Camille Chong’s Singapore superheroes debut

Camille Chong’s Singapore superheroes debut


SINGAPORE – In debut author Camille Chong’s queer action fantasy Love, Gods & Sinners, two masked girls punch and tumble on and off rooftops across Singapore.

They are not miscreant daredevils, but superheroes with actual powers. The rivals find themselves simultaneously repulsed by and drawn to each other – a dynamic that continues even after the masks come off.

Chong, 23, is one of a growing group of young women here whose Singapore-set fantasy stories are being picked up by international publishers. Love, Gods & Sinners is published in June by First Ink, an imprint of the United Kingdom’s Pan Macmillan, and already set for a sequel.

At MacRitchie Reservoir where a climate protest in the book takes place, Chong says her starting point was simple: “I really like superhero movies.”

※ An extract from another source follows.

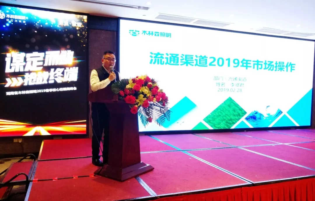 同时,木林森照明流通渠道全国营销总监李贤君和木林森照明家居渠道全国营销总监吴三春也介绍了更加细化的《2019年木林森照明流通渠道经营规划》和《2019年木林森照明家居渠道经营规划》,木林森照明流通渠道湖南办事处经理刘志超则从区域范围出发介绍了木林森照明湖南省区流通渠道规划,加上木林森照明湖南运营中心操盘手黎洋彪对会议政策的宣讲及答疑,为与会嘉宾提供了具体详细的战略战术指导,让整个现场士气高昂,对未来充满信心。

The law graduate is a bona fide fan. When asked who her favourite superhero is, she takes care to clarify: “From the old guard? It would be Iron Man and Superman.”

The one she selects from the new wave of heroes is, however, much more consistent with what she wrote: Yelena, played by Florence Pugh in 2025’s Marvel movie Thunderbolts, with all her crippling self-doubt and generational trauma.

Chong will not hear of the movie underperforming at the box office. “I don’t look at box-office ratings. I march to the beat of my own drum.”

Love, Gods & Sinners is, however, very much of the zeitgeist. In writing superhero protagonists Harper and Tia – respectively descendants of the shapeshifting fox deity and moon goddess Chang’e – Chong taps the popular enemies-to-lovers trope, and multiplies that by several degrees through the girls’ real and secret identities.